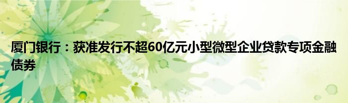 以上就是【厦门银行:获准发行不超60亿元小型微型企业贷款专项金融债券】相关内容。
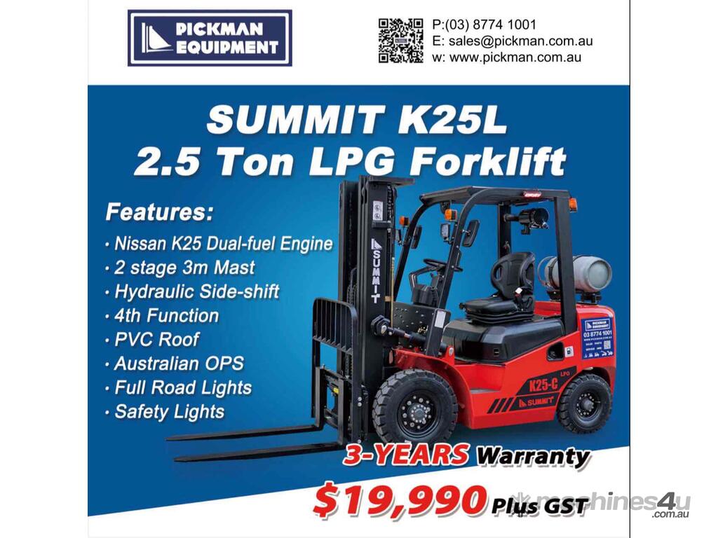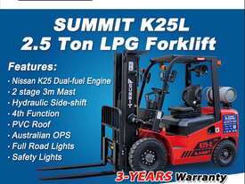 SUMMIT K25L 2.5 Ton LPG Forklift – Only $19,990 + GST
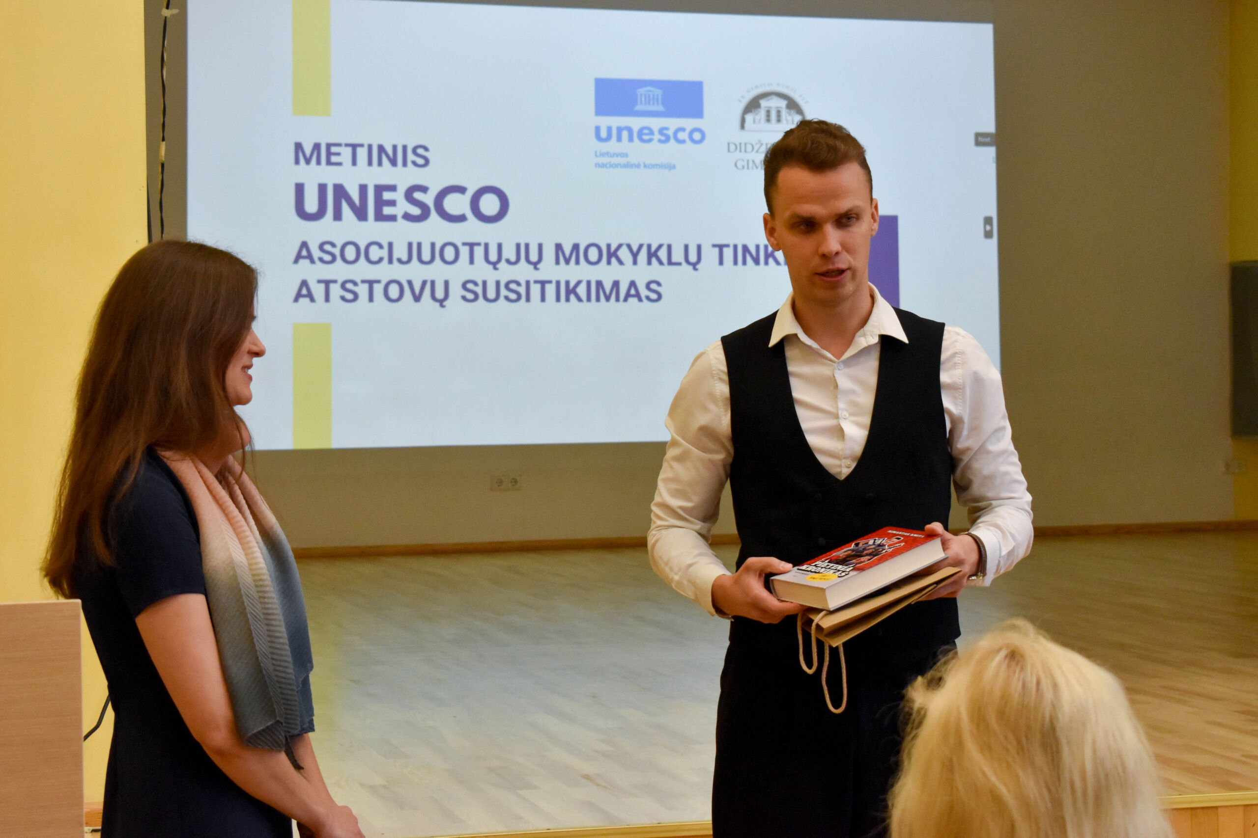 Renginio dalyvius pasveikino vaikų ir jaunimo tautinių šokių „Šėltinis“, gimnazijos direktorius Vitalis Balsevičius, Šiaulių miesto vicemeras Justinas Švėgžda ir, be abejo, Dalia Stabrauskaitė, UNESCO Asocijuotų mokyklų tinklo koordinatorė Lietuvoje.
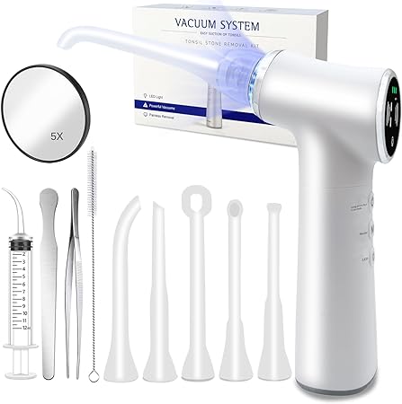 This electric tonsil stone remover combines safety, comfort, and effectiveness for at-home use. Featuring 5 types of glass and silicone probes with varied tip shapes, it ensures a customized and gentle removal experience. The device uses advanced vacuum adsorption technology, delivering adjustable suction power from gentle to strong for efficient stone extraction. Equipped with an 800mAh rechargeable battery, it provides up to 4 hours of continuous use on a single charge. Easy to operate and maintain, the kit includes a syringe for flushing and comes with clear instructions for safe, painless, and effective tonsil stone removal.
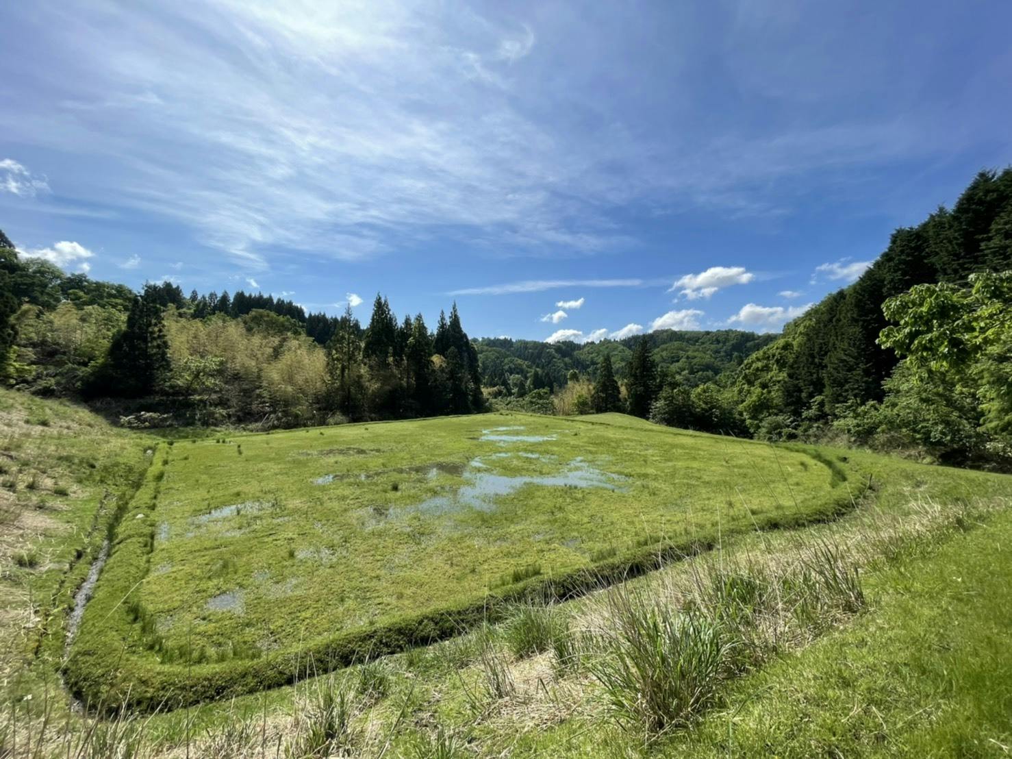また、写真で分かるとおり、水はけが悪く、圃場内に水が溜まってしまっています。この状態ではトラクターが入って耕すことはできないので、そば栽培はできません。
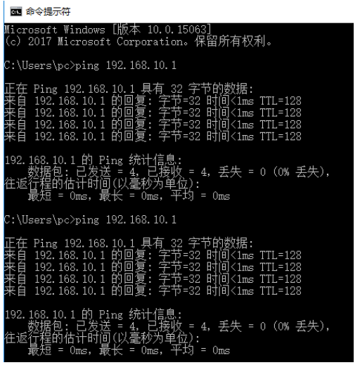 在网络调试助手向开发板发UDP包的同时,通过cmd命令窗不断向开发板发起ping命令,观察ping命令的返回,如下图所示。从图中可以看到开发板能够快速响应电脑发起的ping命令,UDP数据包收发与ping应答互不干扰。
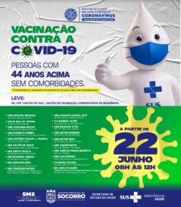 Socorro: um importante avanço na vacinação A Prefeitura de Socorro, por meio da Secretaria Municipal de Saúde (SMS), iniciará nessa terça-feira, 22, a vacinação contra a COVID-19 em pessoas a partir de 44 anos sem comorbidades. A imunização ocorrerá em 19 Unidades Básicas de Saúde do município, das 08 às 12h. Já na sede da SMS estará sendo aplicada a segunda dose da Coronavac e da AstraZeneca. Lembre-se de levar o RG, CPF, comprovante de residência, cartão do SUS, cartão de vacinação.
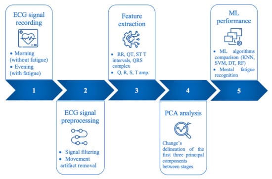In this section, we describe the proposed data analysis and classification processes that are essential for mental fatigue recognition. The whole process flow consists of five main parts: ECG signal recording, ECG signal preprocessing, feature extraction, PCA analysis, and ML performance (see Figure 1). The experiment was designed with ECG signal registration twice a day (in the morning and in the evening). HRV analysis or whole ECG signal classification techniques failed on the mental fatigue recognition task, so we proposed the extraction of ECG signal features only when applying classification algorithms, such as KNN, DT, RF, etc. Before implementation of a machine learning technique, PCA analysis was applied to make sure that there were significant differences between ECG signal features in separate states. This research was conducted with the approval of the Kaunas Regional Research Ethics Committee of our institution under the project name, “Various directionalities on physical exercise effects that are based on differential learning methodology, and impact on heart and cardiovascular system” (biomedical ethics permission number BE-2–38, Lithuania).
================
◆ Work item ◆
Once the pictures are set aside, repeat the data above exactly as written.

◆ Expected answer ◆
 以上就是【厦门银行:获准发行不超60亿元小型微型企业贷款专项金融债券】相关内容。
 SUMMIT K25L 2.5 Ton LPG Forklift – Only $19,990 + GST
 Renginio dalyvius pasveikino vaikų ir jaunimo tautinių šokių „Šėltinis“, gimnazijos direktorius Vitalis Balsevičius, Šiaulių miesto vicemeras Justinas Švėgžda ir, be abejo, Dalia Stabrauskaitė, UNESCO Asocijuotų mokyklų tinklo koordinatorė Lietuvoje.
 This electric tonsil stone remover combines safety, comfort, and effectiveness for at-home use. Featuring 5 types of glass and silicone probes with varied tip shapes, it ensures a customized and gentle removal experience. The device uses advanced vacuum adsorption technology, delivering adjustable suction power from gentle to strong for efficient stone extraction. Equipped with an 800mAh rechargeable battery, it provides up to 4 hours of continuous use on a single charge. Easy to operate and maintain, the kit includes a syringe for flushing and comes with clear instructions for safe, painless, and effective tonsil stone removal.
また、写真で分かるとおり、水はけが悪く、圃場内に水が溜まってしまっています。この状態ではトラクターが入って耕すことはできないので、そば栽培はできません。
 在网络调试助手向开发板发UDP包的同时,通过cmd命令窗不断向开发板发起ping命令,观察ping命令的返回,如下图所示。从图中可以看到开发板能够快速响应电脑发起的ping命令,UDP数据包收发与ping应答互不干扰。
 Socorro: um importante avanço na vacinação A Prefeitura de Socorro, por meio da Secretaria Municipal de Saúde (SMS), iniciará nessa terça-feira, 22, a vacinação contra a COVID-19 em pessoas a partir de 44 anos sem comorbidades. A imunização ocorrerá em 19 Unidades Básicas de Saúde do município, das 08 às 12h. Já na sede da SMS estará sendo aplicada a segunda dose da Coronavac e da AstraZeneca. Lembre-se de levar o RG, CPF, comprovante de residência, cartão do SUS, cartão de vacinação.
In this section, we describe the proposed data analysis and classification processes that are essential for mental fatigue recognition. The whole process flow consists of five main parts: ECG signal recording, ECG signal preprocessing, feature extraction, PCA analysis, and ML performance (see Figure 1). The experiment was designed with ECG signal registration twice a day (in the morning and in the evening). HRV analysis or whole ECG signal classification techniques failed on the mental fatigue recognition task, so we proposed the extraction of ECG signal features only when applying classification algorithms, such as KNN, DT, RF, etc. Before implementation of a machine learning technique, PCA analysis was applied to make sure that there were significant differences between ECG signal features in separate states. This research was conducted with the approval of the Kaunas Regional Research Ethics Committee of our institution under the project name, “Various directionalities on physical exercise effects that are based on differential learning methodology, and impact on heart and cardiovascular system” (biomedical ethics permission number BE-2–38, Lithuania).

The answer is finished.